Your objective
Beginning with the first line, return the material verbatim and without pictures.

-------- Data section --------

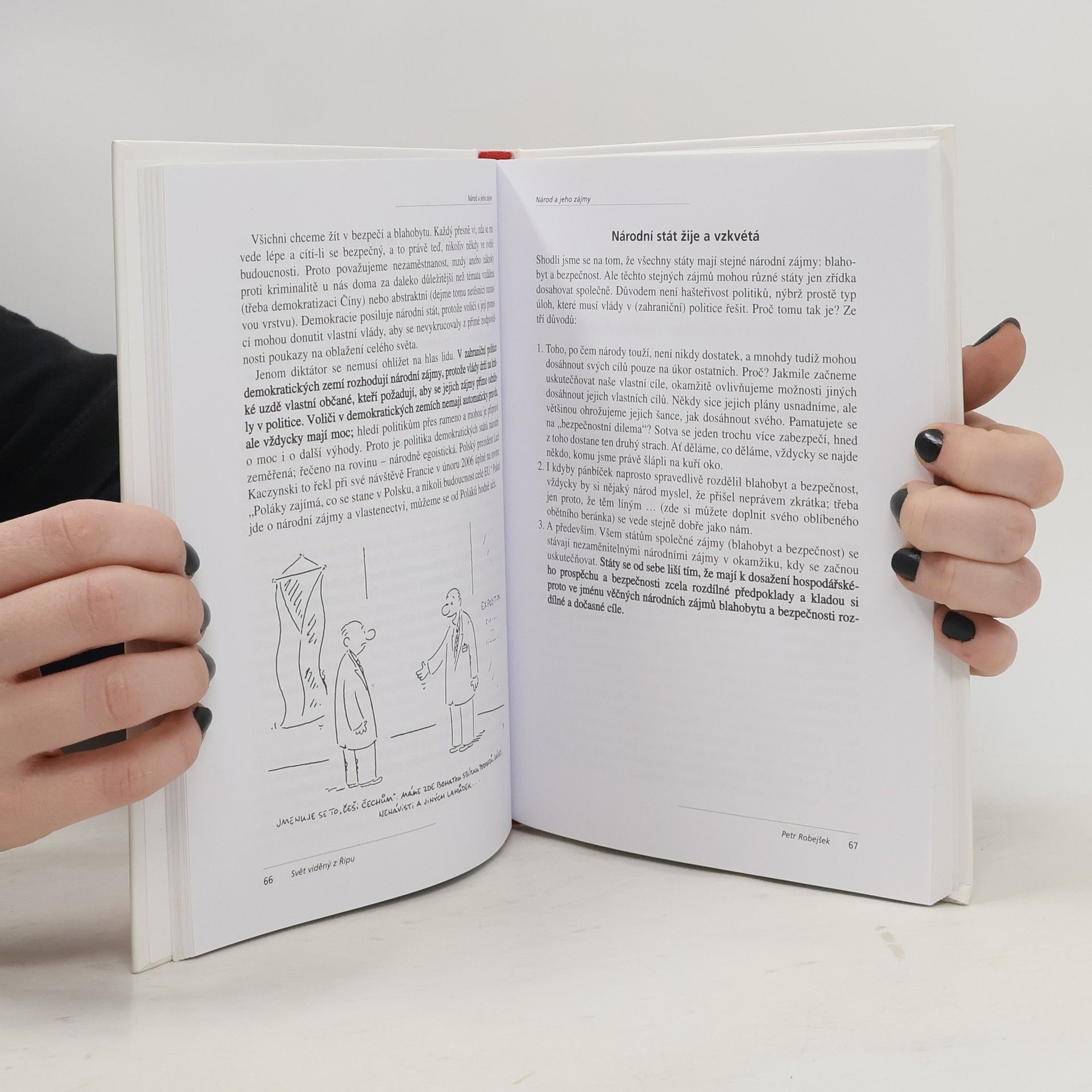 Zahraniční politika pro každého z nás Autor útlé publikace, vzděláním sociolog s politologicko-ekonomickou profilací a dlouholetý ředitel hamburského institutu Haus Rissen, přináší patnáct kapitol věnovaným jednotlivým tématům mezinárodní politiky. Publikace cílená na převážně laickou veřejnost je rozdělena do regionálně definovaných kapitol (Rusko na cestě, Evropská unie – velký skok) a tematicky dělených epizod (Národ a jeho zájmy, Politik: věrný šerpa, nebo podlý povaleč), Robejškův text je doplněn ilustracemi Vladimíra Jiránka.... celý text
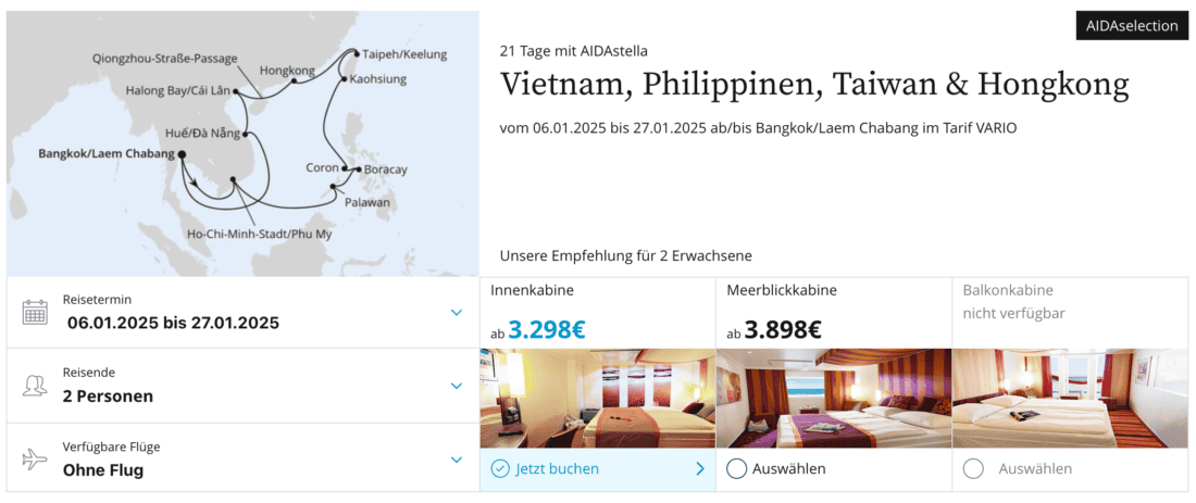 AIDA bietet derzeit eine interessante Route in Südostasien preislich fair an. Ihr erhaltet die Innenkabine auf der 22-tägigen Kreuzfahrt mit Abfahrt von Bangkok (Laem Chabang) ab 1.649€ und die Außenkabine ab 1.949€ (jeweils pro Person bei Doppelbelegung). Die Balkonkabinen sind bereits ausgebucht. Für Alleinreisende ist die Kreuzfahrt bereits ausgebucht. Vollpension und Trinkgelder sind inklusive. Los geht es am 6. Januar 2025.
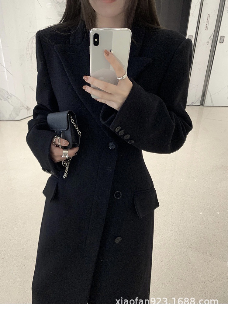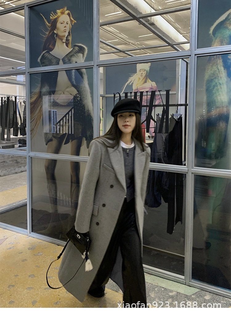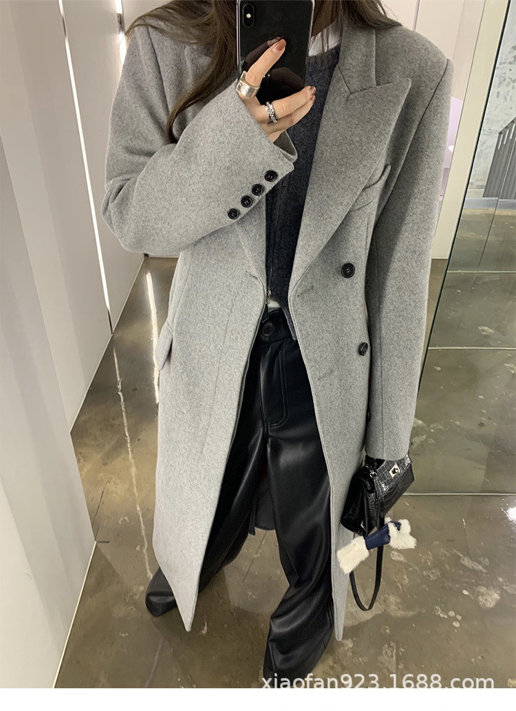 130衣长双面羊毛羊绒加厚加长大衣西装领六粒扣气质高级韩女外套
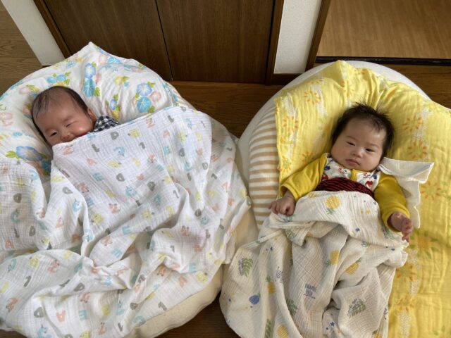 さて、本日はあきくん(写真左)とかいくん(写真右)がママと産後ケアをご利用中。

--------

Exercise solution
 Zahraniční politika pro každého z nás Autor útlé publikace, vzděláním sociolog s politologicko-ekonomickou profilací a dlouholetý ředitel hamburského institutu Haus Rissen, přináší patnáct kapitol věnovaným jednotlivým tématům mezinárodní politiky. Publikace cílená na převážně laickou veřejnost je rozdělena do regionálně definovaných kapitol (Rusko na cestě, Evropská unie – velký skok) a tematicky dělených epizod (Národ a jeho zájmy, Politik: věrný šerpa, nebo podlý povaleč), Robejškův text je doplněn ilustracemi Vladimíra Jiránka.... celý text
 AIDA bietet derzeit eine interessante Route in Südostasien preislich fair an. Ihr erhaltet die Innenkabine auf der 22-tägigen Kreuzfahrt mit Abfahrt von Bangkok (Laem Chabang) ab 1.649€ und die Außenkabine ab 1.949€ (jeweils pro Person bei Doppelbelegung). Die Balkonkabinen sind bereits ausgebucht. Für Alleinreisende ist die Kreuzfahrt bereits ausgebucht. Vollpension und Trinkgelder sind inklusive. Los geht es am 6. Januar 2025.
 130衣长双面羊毛羊绒加厚加长大衣西装领六粒扣气质高级韩女外套
 さて、本日はあきくん(写真左)とかいくん(写真右)がママと産後ケアをご利用中。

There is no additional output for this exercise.